Failure to Connect to HTTP Server

If users are experiencing connection timeouts from a browser to Sun Java System Web Server when the server is heavily loaded, you can increase the size of the HTTP listener backlog queue. To increase this setting, edit the file ListenQ parameter in the magnus.conf file:

ListenQ  8192

In addition to this setting, you must also increase the limits within the Solaris TCP/IP networking code. There are two parameters that are changed by executing the following commands:

/usr/sbin/ndd -set /dev/tcp tcp_conn_req_max_q 8192
/usr/sbin/ndd -set /dev/tcp tcp_conn_req_max_q0 8192

These two settings increase the maximum number of two Solaris listen queues that can fill up with waiting connections. tcp_conn_req_max_q increases the number of completed connections waiting to return from an accept() call. tcp_conn_req_max_q0 increases the maximum number of connections with the handshake incomplete. The default values are 128 and 1024 respectively. To automatically have these ndd commands executed after each system reboot, place them in a file called /etc/init.d/network-tuning and create a link to that file named /etc/rc2.d/S99network-tuning.
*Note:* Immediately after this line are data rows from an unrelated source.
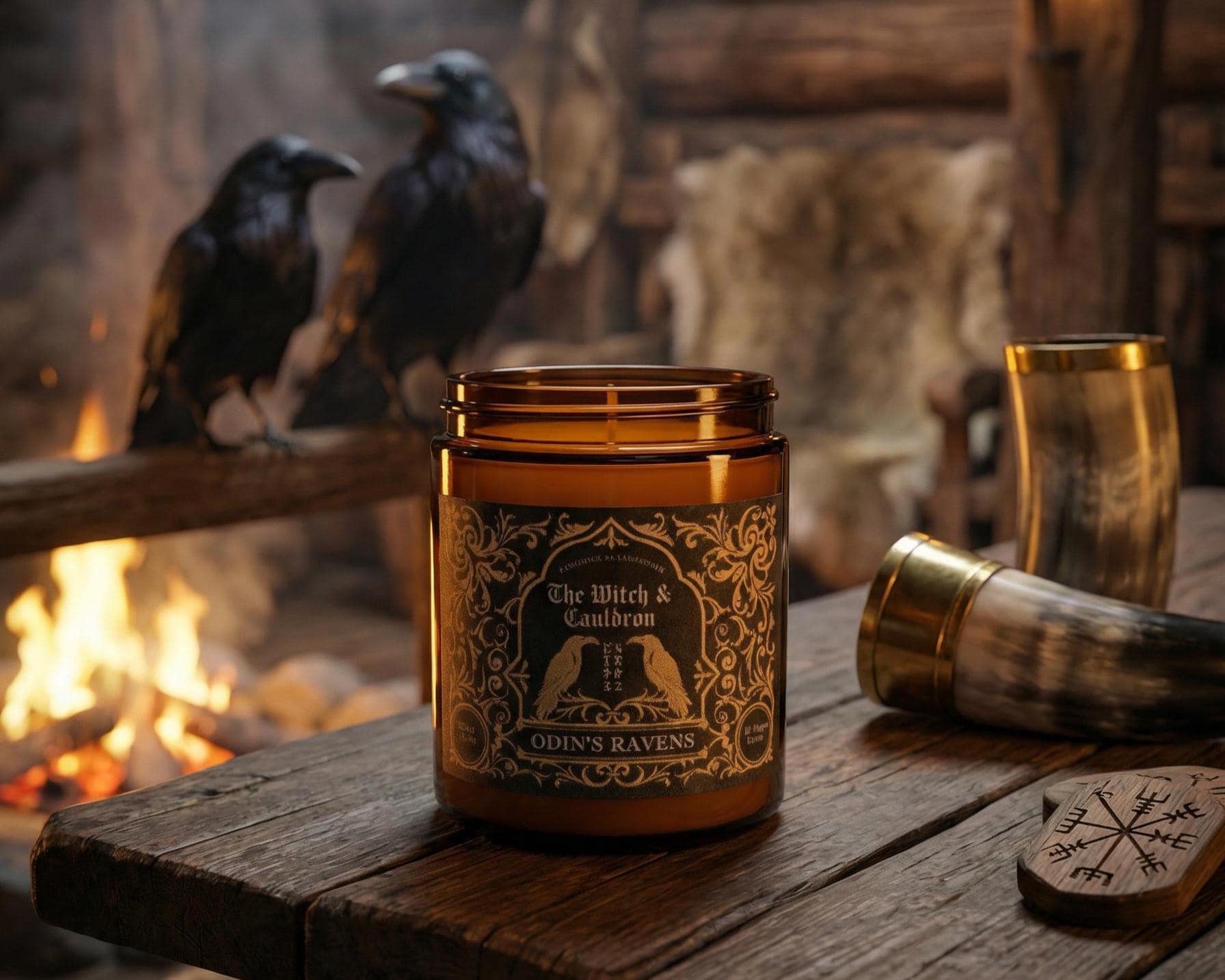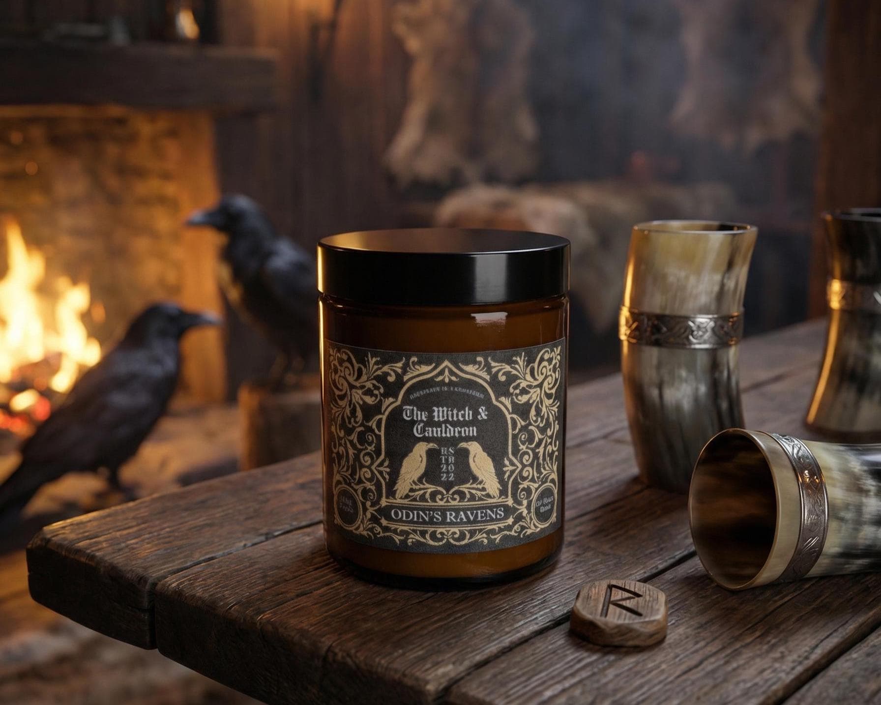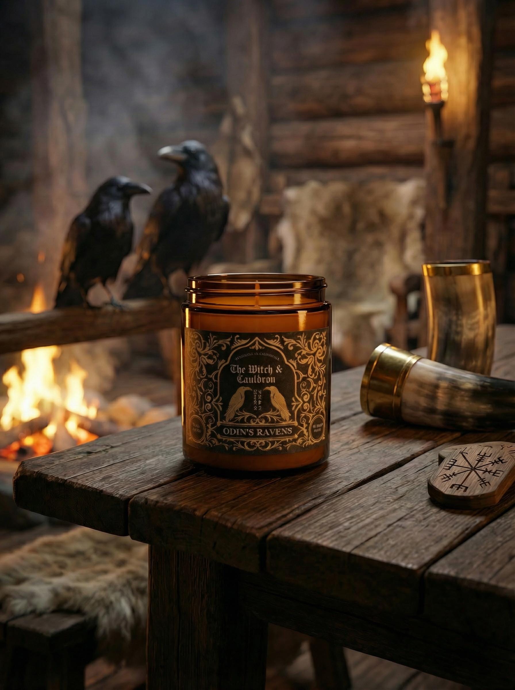 This Odin's Ravens Soy Wax Candle has a blend of Tea Tree, Peppermint, Camphor and Lemon essential oils to represent the All-father’s, pursuit of knowledge, intellect, and wisdom.
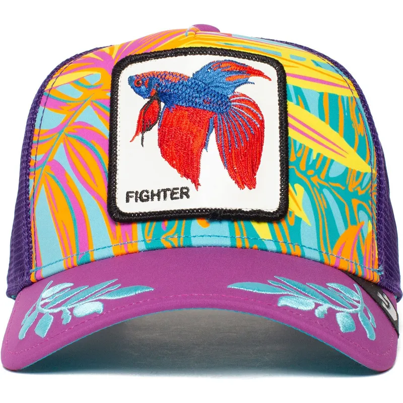 Goorin Bros. Siam Fighter Even Betta The Farm lila truckerkeps är ett sant konstverk i hattform. Detta unika plagg är ännu ett exempel på märkets passion för kvalitetsaccessoarer och innovativa designer. Siam Fighter Even Betta är den obestridda stjärnan på den broderade lappen på hattens framsida, vilket framhäver dess skönhet och vildhet. Goorin Bros. har fångat djurets essens i varje detalj, från linjerna till färgernas intensitet.
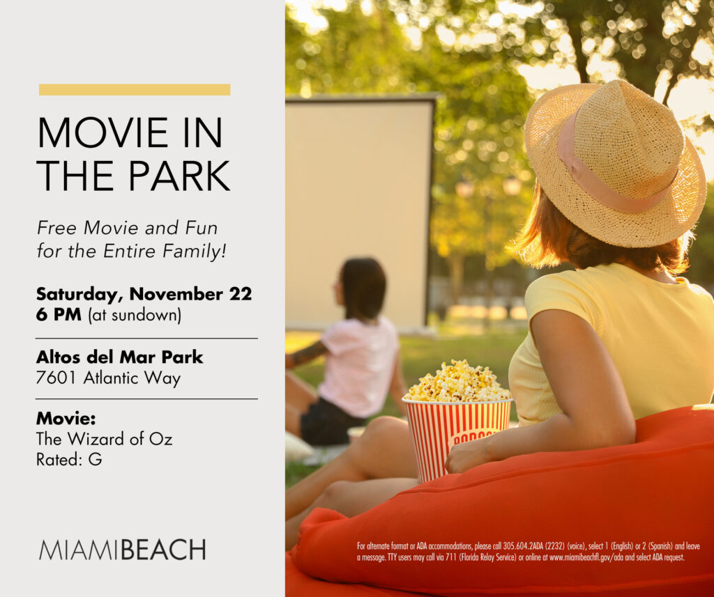 Bring your blankets and enjoy a fun night under the stars watching the box office hit, The Wizard of Oz. Call 305.673.7730 for more information.
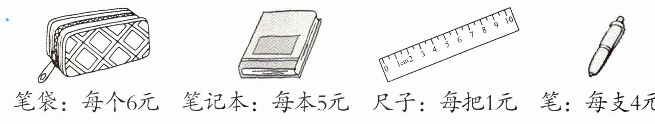 笔袋:每个6元 笔记本:每本5元 尺子:每把1元 笔:每支4元

You can monitor the effect of these changes by using the netstat -s command and looking at the tcpListenDrop, tcpListenDropQ0, and tcpHalfOpenDrop values. Review them before adjusting these values. If they are not zero, adjust the value to 2048 initially, and continue to monitor the netstat output.

The Sun Java System Web Server ListenQ setting and the related Solaris tcp_conn_req_max_q and tcp_conn_req_max_q0 settings should match the throughput of the Sun Java System Web Server HTTP server. These queues act as a "buffer" to manage the irregular rate of connections coming from web users. These queues allow Solaris to accept the connections and hold them until they are processed by the Sun Java System Web Server HTTP server application.

You do not want to accept more connections than the Sun Java System Web Server HTTP server will be able to process. It is better to limit the size of these queues and reject further connections than to accept excess connections and fail to service them. The value of 2048 for these three parameters will typically reduce connection request failures, and improvement has been seen with values as high as 4096.

This adjustment is not expected to have any adverse impact in any web hosting environment, so you can consider this suggestion even if your system is not showing the symptoms mentioned.

Connection Refused Errors

If users are experiencing connection refused errors on a heavily loaded server, you can tune the use of network resources on the server.

When a TCP/IP connection is closed, the port is not reused for the duration of tcp_time_wait_interval (default value of 240000 milliseconds). This is to ensure that there are no leftover segments. The shorter the tcp_time_wait_interval, the faster precious network resources are again available. This parameter is changed by executing the following command (do not reduce it below 60000):

usr/sbin/ndd -set /dev/tcp tcp_time_wait_interval 60000

To automatically have this ndd command executed after each system reboot, place it in a file called /etc/init.d/network-tuning and create a link to that file named /etc/rc2.d/S99network-tuning.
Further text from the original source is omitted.